Book
French
ID: <
10670/1.587v4h>
Abstract
La prison pénale rencontre la question du suicide carcéral dans la seconde moitié du xixe siècle. Il en résulte, à partir des années 1860, la mise en place d’une politique de prévention rigoureuse, dont les résultats paraissent achopper sur l’accroissement continu du nombre des suicides tout autant que la radicalisation des modes opératoires.

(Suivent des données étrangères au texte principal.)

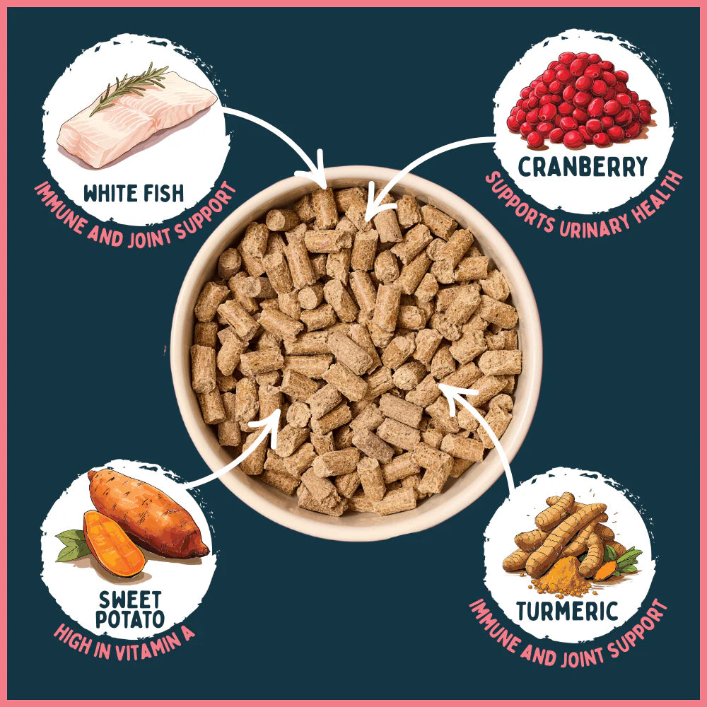 Tell your dog’s allergies to go fish. Our award winning White Fish recipe is free from pea, grain and chicken. Naturally rich in omega-3 and blended with sweet potato, which is high in vitamin A, green lipped mussel as a natural anti-inflammatory and seaweed which is rich in antioxidants.

S’appuyant sur une série de rapports administratifs consécutifs à des suicides et sur la production légale et réglementaire, cet article veut montrer que la manière dont l’institution pénitentiaire appréhende les gestes suicidaires éclaire en retour la nature de l’enfermement dans le cadre de la prison républicaine : si certaines analyses sensibles attribuent ces suicides au désespoir des détenus, pour l’administration pénitentiaire, ils s’assimilent exclusivement à des formes d’insoumission ou d’ultime évasion et justifient donc le renforcement du joug disciplinaire. Il en découle une politique de prévention qui privilégie le contrôle et la surveillance de « ceux dont on craint le suicide ». Jusqu’à mobiliser les formes extrêmes de coercition que sont la cellule de sûreté et la camisole de force, au prix, finalement, d’un fort accroissement du nombre des suicidés.